Understanding Knowledge Distillation in Non-autoregressive Machine Translation

Published 7 Nov 2019 in cs.CL | (1911.02727v3)

Abstract: Non-autoregressive machine translation (NAT) systems predict a sequence of output tokens in parallel, achieving substantial improvements in generation speed compared to autoregressive models. Existing NAT models usually rely on the technique of knowledge distillation, which creates the training data from a pretrained autoregressive model for better performance. Knowledge distillation is empirically useful, leading to large gains in accuracy for NAT models, but the reason for this success has, as of yet, been unclear. In this paper, we first design systematic experiments to investigate why knowledge distillation is crucial to NAT training. We find that knowledge distillation can reduce the complexity of data sets and help NAT to model the variations in the output data. Furthermore, a strong correlation is observed between the capacity of an NAT model and the optimal complexity of the distilled data for the best translation quality. Based on these findings, we further propose several approaches that can alter the complexity of data sets to improve the performance of NAT models. We achieve the state-of-the-art performance for the NAT-based models, and close the gap with the autoregressive baseline on WMT14 En-De benchmark.

Abstract PDF Upgrade to Chat

Citations (213)

View on Semantic Scholar

Summary

The paper demonstrates that distilling knowledge from an autoregressive teacher to a non-autoregressive student enhances translation quality.
It reveals that token-level distillation improves accuracy for individual word predictions while sequence-level distillation better captures contextual information.
Experimental results on synthetic datasets validate KD's effectiveness in balancing fast inference speeds with enhanced translation performance.

An Academic Overview of "Understanding Knowledge Distillation in Non-autoregressive Machine Translation"

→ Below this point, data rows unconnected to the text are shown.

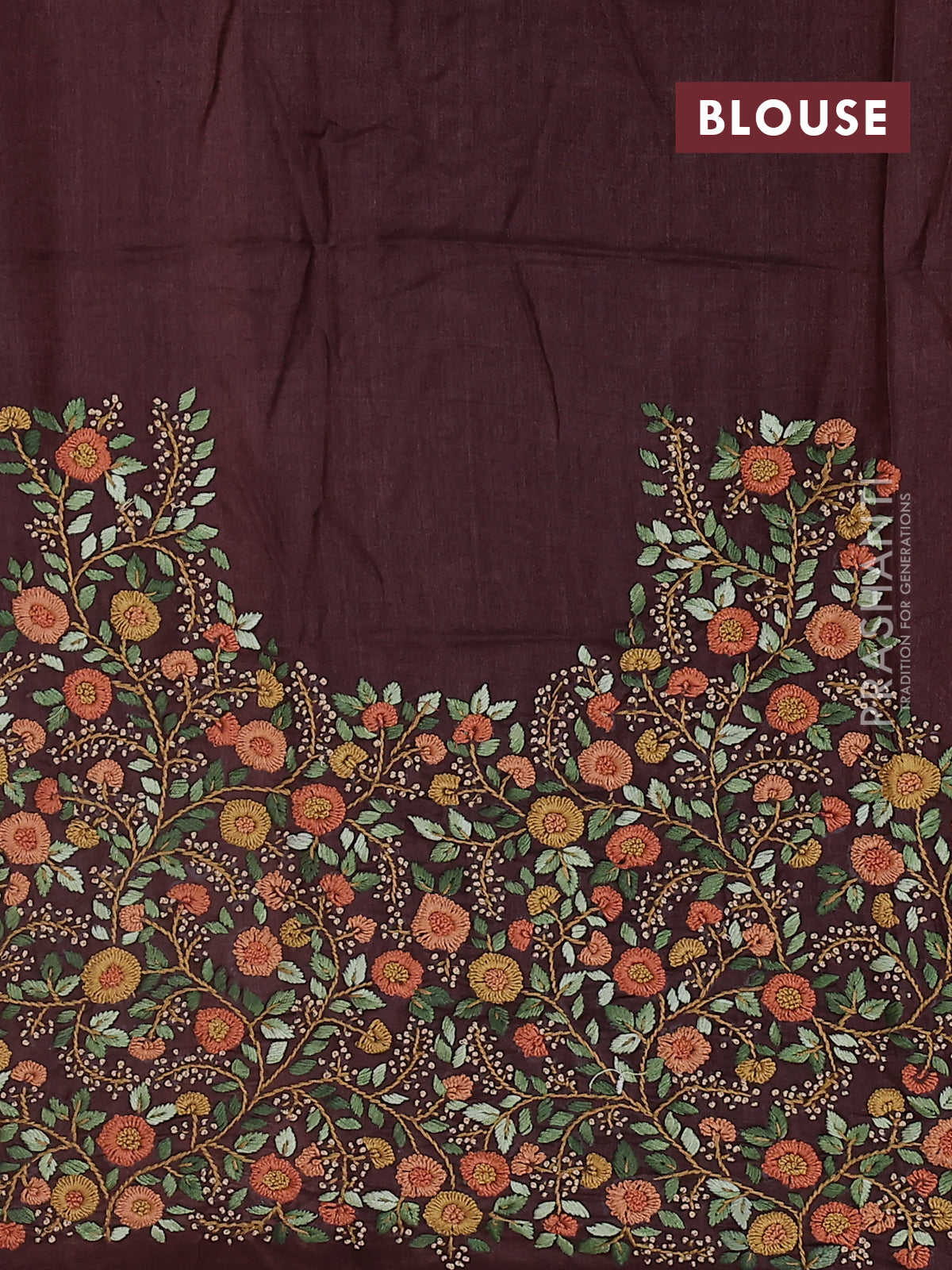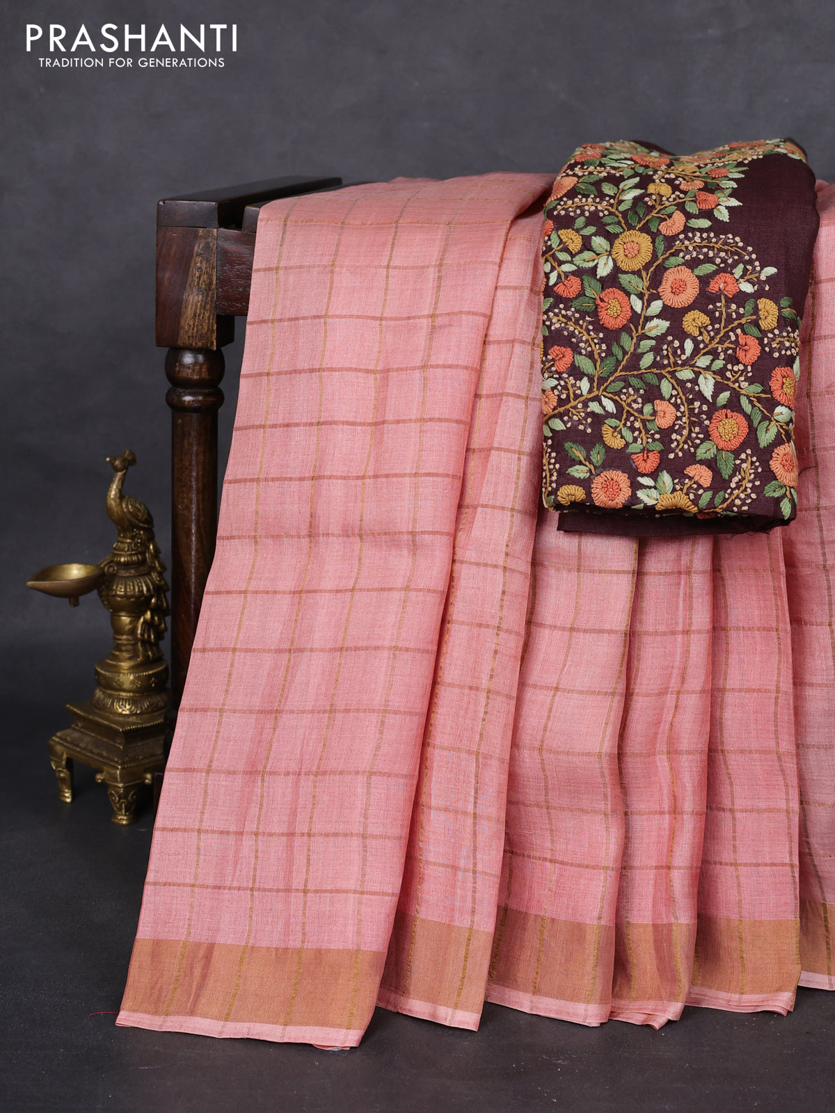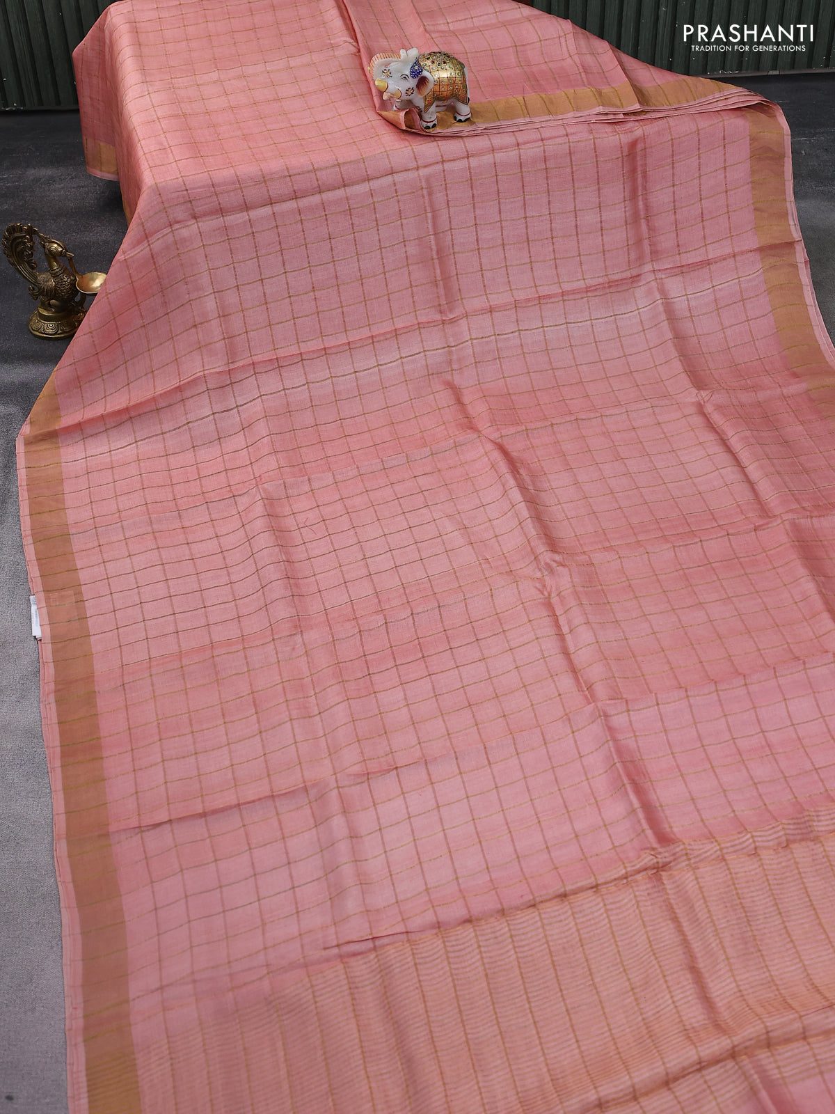 Pure tussar silk saree peach pink and coffee brown with allover zari checked pattern and zari woven border
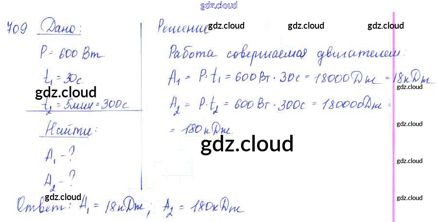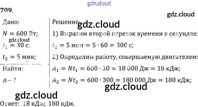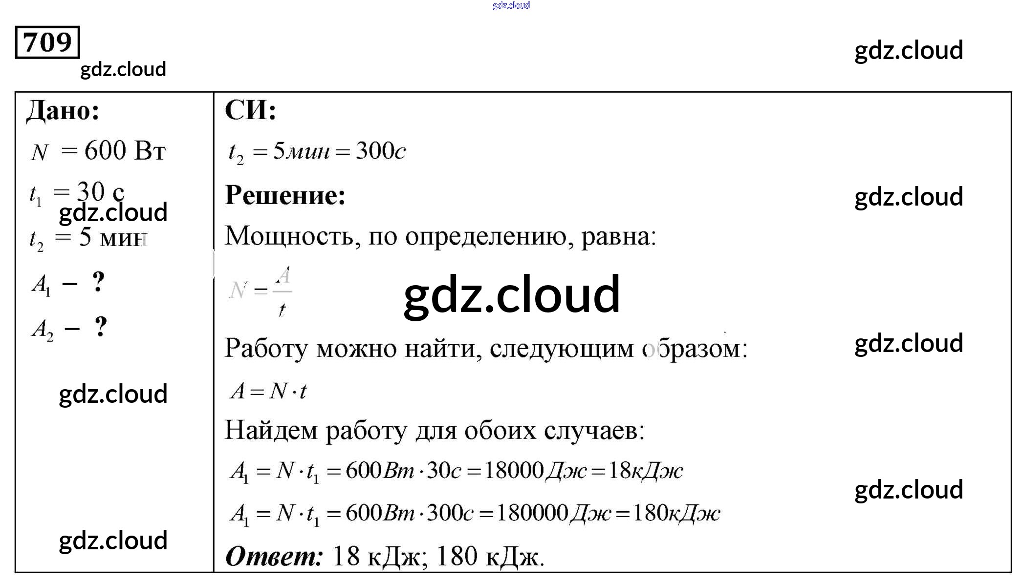 Ответ на задание 709 Сборник задач Физика за 7, 8, 9 (седьмой, восьмой, девятый) класс Лукашик, Иванова 2011
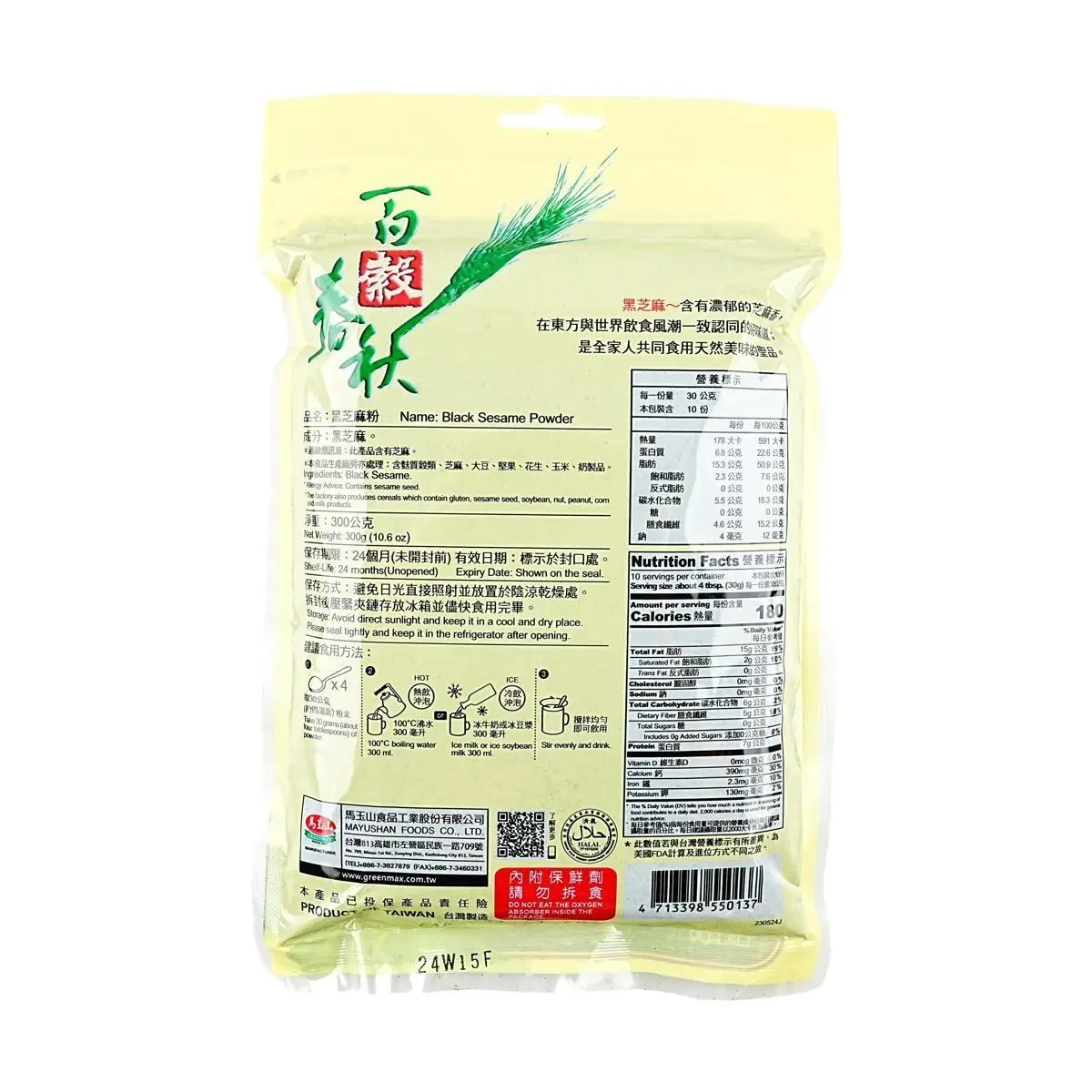 GREENMAX Taiwan Pure Black Sesame Powder 300g - Nutrient-Rich Superfood for Smoothies and Baking

The academic paper titled "Understanding Knowledge Distillation in Non-autoregressive Machine Translation" provides an in-depth investigation into the application of Knowledge Distillation (KD) within the domain of non-autoregressive models for machine translation (MT). This research aims to elucidate the role of KD in enhancing the performance of non-autoregressive MT models by simplifying the data distribution the models need to learn.

Core Contributions

The paper meticulously examines how KD can effectively bridge the performance gap between autoregressive and non-autoregressive translation models. Traditionally, non-autoregressive models have been competitive in terms of inference speed but often lag in translation quality compared to their autoregressive counterparts. The authors propose a novel methodology that leverages KD to distill knowledge from an autoregressive teacher model into a non-autoregressive student model.

Theoretical Foundations

Grounded in Bayesian decision theory, the paper formulates the task of structured prediction and introduces two primary loss functions evaluated in the context of sequence prediction: sequence-level loss and token-level loss. The distinction between these loss functions underpins the understanding of how KD can impact model performance. The research highlights that KD from sequence-level predictions yields improvements in token-level metrics, such as accuracy, due to the reduction in conditional probability complexity.

Experimental Findings

To substantiate their theoretical claims, the authors implement a series of experiments using a Hidden Markov Model (HMM) to generate synthetic datasets for evaluation. Using sequence-level and token-level generated labels for KD, the findings reveal that:

Models trained on token-level distilled data outperform others in token-level accuracy, underscoring the efficiency in token prediction tasks.
Conversely, sequence-level distilled data enhances performance in sequence-level accuracy measures, implying a broader contextual understanding is captured at each prediction step.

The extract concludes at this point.